Le premier Conseil des ministre du troisième quinquennat du Président Bouteflika, a été ponctué par l’approbation du plan d’action du gouvernement qui contient en sa majorité le contenu du programme électoral du chef d’Etat, qui, lors de sa campagne, a promis entre autres la création de trois millions d’emplois, l’effacement des dettes des agriculteurs, la revalorisation des bourses des étudiants, ainsi que la réalisation d’un million de logements. Mais ce qui a le plus caractérisé ce conseil, c’est le projet de Bouteflika concernant l’enveloppe de 150 milliards de dollars dans le cadre du plan quinquennal 2009-2014.
A cet effet et lors de cette réunion, le président a été très clair et plutôt direct en exhortant le gouvernement Ouyahia « à plus de constance dans la réalisation des projet et au respect des cahiers de charges » tout en étant ferme avec ses ministres.
Il est vrai que les projets promis par le président pour son deuxième quinquennat ont pris un retard immense à l’instar de l’autoroute Est-Ouest, du métro d’Alger ainsi que du million de logements pour ne citer que ceux-là et Bouteflika n’a pas manqué l’occasion de blâmer les ministres en question. Néanmoins, il a reconduit ses derniers afin d’assurer une certaine stabilité au sein de l’exécutif. Dans ce contexte, Bouteflika a sommé chacun de ses ministres à « assumer leurs responsabilités et rendre compte de l’exécution du leurs programmes et veiller au respect des délais de réalisation » tout en assurant qu’un « système de suivi sera mis en place pour évaluer et juger chaque travail ».

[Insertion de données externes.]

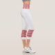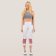 Two-tone design with retro style stripes on the lower legs. Horizontal lines in fuzzy wuzzy pink on a white background for your sporty Capri leggings. Add a personal touch to your outfit with your name on the left side of these high-waisted athleisure leggings.

Cette commission surveillera de près chaque ministère en lui exhortant de rendre des comptes, un système qui est pratiqué par les pays occidentaux et cela sous peine de sanction.
Sur un autre volet, il a été question du projet qui tient à cœur au président et qui consiste en la consolidation de la loi portant sur la paix et la réconciliation nationale, où le président, et tout le long de sa campagne électorale n’a cessé d’évoquer : « Il faut aller plus loin que ça, une amnistie générale qui néanmoins devrait être soumise à un référendum populaire ».
Aussi, la modernisation de système financier a été au programme de ce Conseil des ministres tout en insistant sur le développement ainsi que la diversification de l’économie nationale.
Le développement local qui est garant de la création d’emplois a été appuyé par ce plan d’action. « Il faut assurer un certain équilibre entre les régions nord et sud », dira le président.
La consolidation d’un Etat de droit tout en garantissant une bonne gouvernance, tel est le défi des autorités, la modernisation des administrations et la réforme des collectivités locales, un point très important et avec lequel le gouvernement Ouyahia ne badinera pas.A cet effet, le premier ministre avait déclaré récemment que « l’Etat mettra fin à l’administration de la Chipa ». Le plan d’action contient également la promotion des droits de l’homme et de la liberté de la presse où Bouteflika a déclaré, il y a quelques jours que « la loi sur l’information sera revue », tout en approuvant un projet de loi de la Commission nationale consultative de promotion et de protection des droits de l’homme.
Ainsi, le gouvernement Ouyahia qui a été reconduit en sa totalité par le président de la République, aura du pain sur la planche, plusieurs projets en attente de réalisation. Un quinquennat où apparemment personne n’a droit à l’erreur sous peine de sanction et de révocation.